Where can I find out more?
- A scoping study on the valuation of risks to life and health: the monetary value of a life year (VOLY): Susan Chilton and colleagues explain how the technology exists now to generate a theoretically robust, evidence-based and updated valuation of risk to human life and health. They conclude that applying such values would lead to better and more informed policy decisions and would have major implications not only for efficiency of government spending but also for equity in population wellbeing.
- Principles for allocation of scarce medical interventions: In a study written for The Lancet in 2009, Govind Persad, Alan Wertheimer and Ezekiel Emanuel consider different rules that could guide decisions about how to allocate scarce medical resources such as organs and vaccines. They conclude that no simple allocation principle is sufficient to account for the complex moral considerations, and instead propose ‘multiprinciple allocation systems’, evaluating three existing systems and proposing a new one.

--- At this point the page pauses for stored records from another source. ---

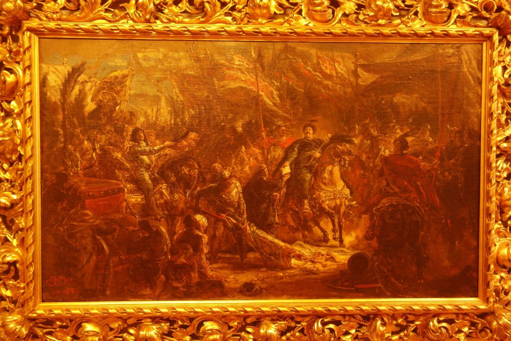 Dzisiaj gościmy w przepięknej kamienicy w Krakowie na ul. Floriańskiej 41, gdzie od 1896r jest tu muzeum. W tym domu urodził się mistrz Jan i możemy tu zobaczyć przedmioty, które gromadził przez całe swoje życie. Są tu dawne stroje i zbroje, broń palna i sieczna, stare naczynia i różne bibeloty które służyły mu przy malowaniu obrazów. W tej kamienicy na drugim piętrze jest pokój w którym urodził się nasz wielki malarz, a na piętrze trzecim zachowała się jego pracownia gdzie są jego pędzle, farby oraz palety których używał. W tych przepięknych wnętrzach można zobaczyć np. jeden z pierwszych obrazów olejnych Matejki „Stańczyk udający ból zębów” z 1856r. , szkic do obrazu „Jan III Sobieski wręcza kanonikowi Denhoffowi list do papieża” czy też portret syna na koniu. Ale ja przyjechałem tu podziwiać obraz pt. ”Carowie Szujscy na Sejmie Warszawskim” z 1892r. Wszyscy jednak ten obraz znamy jako „Hołd ruski” . Na obrazie widzimy jak Hetman Stanisław Żółkiewski wskazuje na carów Szujskich a oni „froterują” podłogę przed POLSKIM KRÓLEM Zygmuntem III Wazą. Możemy być dumni bo tylko nam Polakom udało się zdobyć Moskwę i to dwukrotnie!! W 1610r. i w 1812r wraz z Napoleonem. Piękne to były chwile. Aż mi się łza w oku zakręciła… Pomyślałem o biednym Matejce, który wielkim malarzem był ale i jemu, jak wielu innym wielkim ludziom zdarzył się życiowy błąd. Otóż poślubił kobietę, która była jego udręką i cierniem w sercu. Pani Teodora, jego wielka miłość (a miłość jak wszyscy wiemy jest ślepa) przysparzała mu wiele zgryzot. Cały Kraków wiedział, że terroryzowała męża i przepuszczała honoraria Matejki na bogate suknie i klejnoty. Wyjeżdżała samotnie „do wód” a on musiał zajmować się dziećmi i ciężko pracować by pokryć jej wydatki. Z roku na rok stawała się coraz bardziej despotyczna, zawistna i egoistyczna. Wszczynała swojemu biednemu mężowi awantury z błahych powodów i niszczyła jego przedmioty oraz obrazy. Trwało to wile lat aż zrozpaczony Matejko umieścił ją najpierw w szpitalu Św. Ducha tzw. „wariatkowie” a później na wsi gdzie oddawała się praktykom bardzo „nowoczesnym” – szprycowała się morfiną!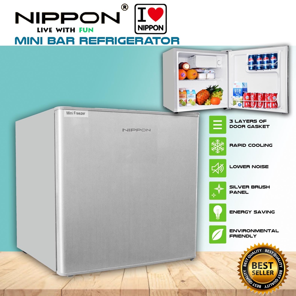 NIPPON NMFA50 SINGLE DOOR MINI FRIDGE MINI REFRIGERATOR MINI BAR PETI AIS MINI 50L (SILVER) ENERGY EFFICIENT SILENT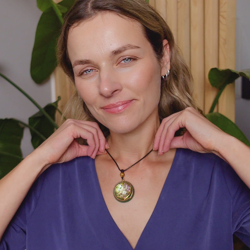 Dieser Talisman liefert sofort Energie! Die Farben sind leuchtend, er liegt perfekt auf meiner Brust und haftet an meinem Körper, als wäre er für mich bestimmt. Wirklich magnetisch.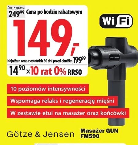 Masażer GUN FM590 10 poziomów intensywności Wspomaga relaks i regenerację mięśni W zestawie etui na masażer oraz końcówki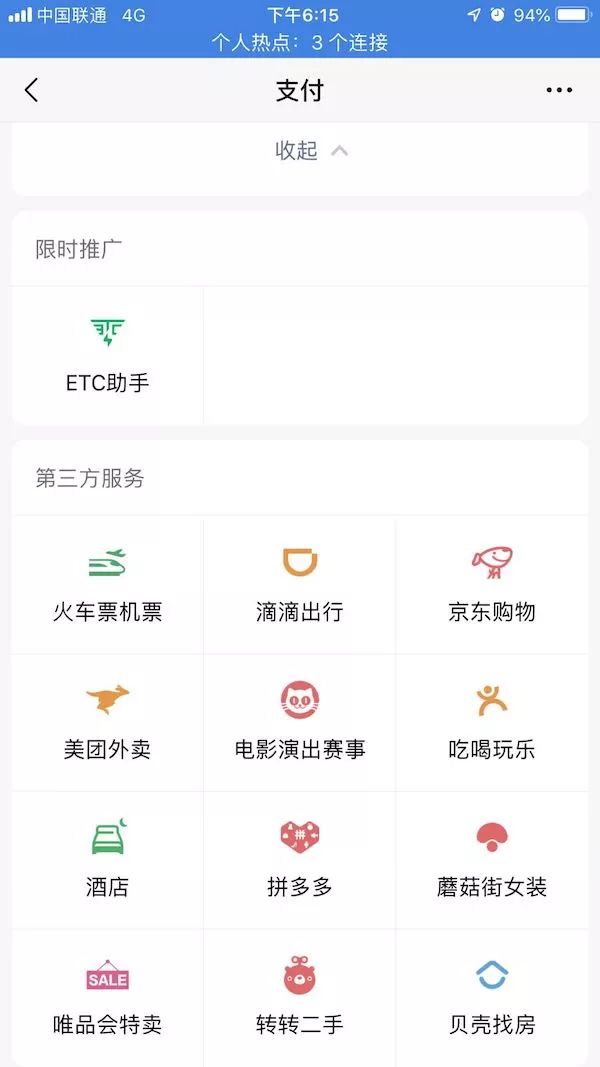 另外,在微信支付界面中,是给拼多多留了一个位置的。
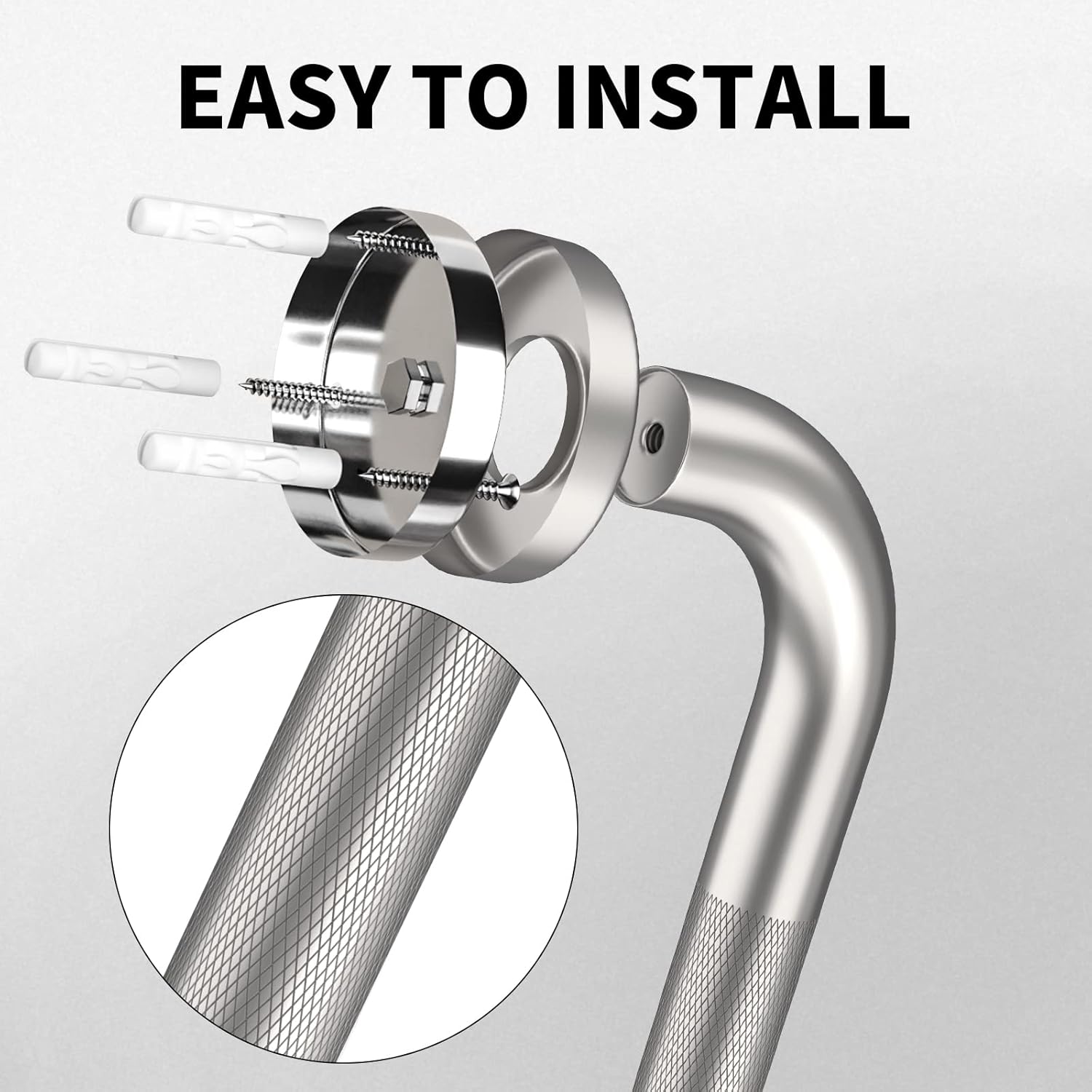 - Munzong 36 inch knurled surface bathroom shower grab bars 1.25 inch diameter are able to support up to 500 lbs of pull force to provide a stable, reliable handhold; Made of anti-rust stainless steel for a lasting strength and quality.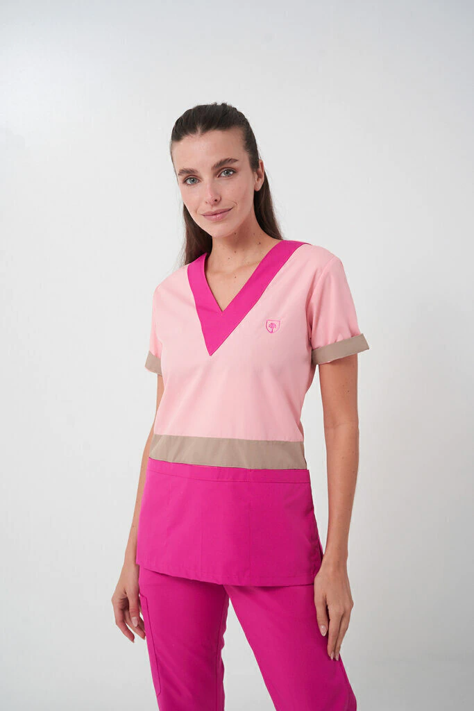 Bolsillo triple frontal ( tipo cheff ) muy amplios y comodos con abrojo en el bolsillo medio ideales para colocar libretas clinicas, estetoscopio o celulares.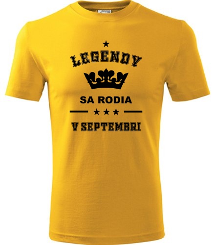 Žlté tričko Legendy sa rodia v septembri, tričko s potlačou, tričko žltá, tričko pánske, veľkosti S, M, L, XL, XXL,...
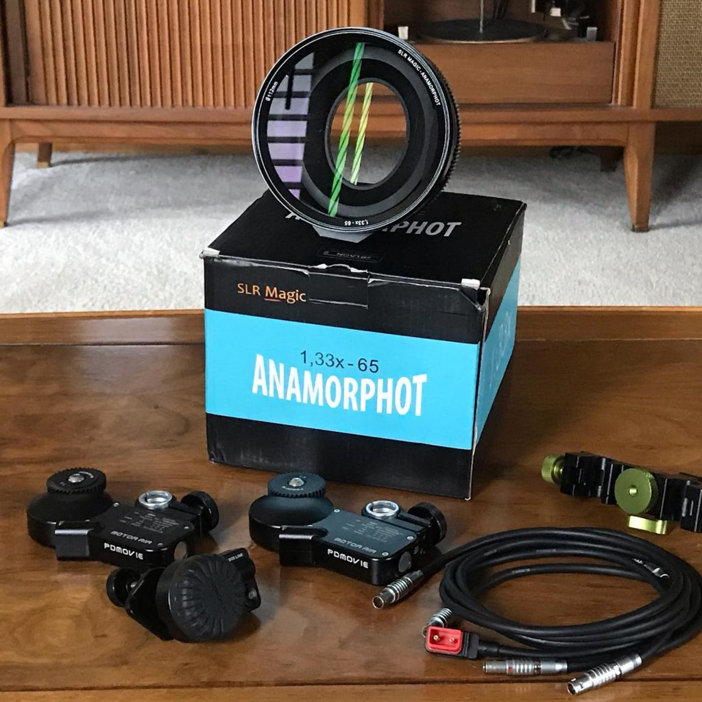 Today, the rental package arrived. I got the adapter itself, along with a lens support (absolutely necessary with a lens adapter this heavy), and this PDMovie follow focus system that’s necessary to focus the lens AND the anamorphic adapter simultaneously.

- The moral machine: Recent scientific studies in machine ethics have raised awareness about the how humans perceive machine intelligence making autonomous choices involving human life and limb, both in the media and public discourse. This website aims to take the discussion further, by providing a platform for: 1) building a crowd-sourced picture of human opinion on how machines should make decisions when faced with moral dilemmas; and 2) crowd-sourcing assembly and discussion of potential scenarios of moral consequence.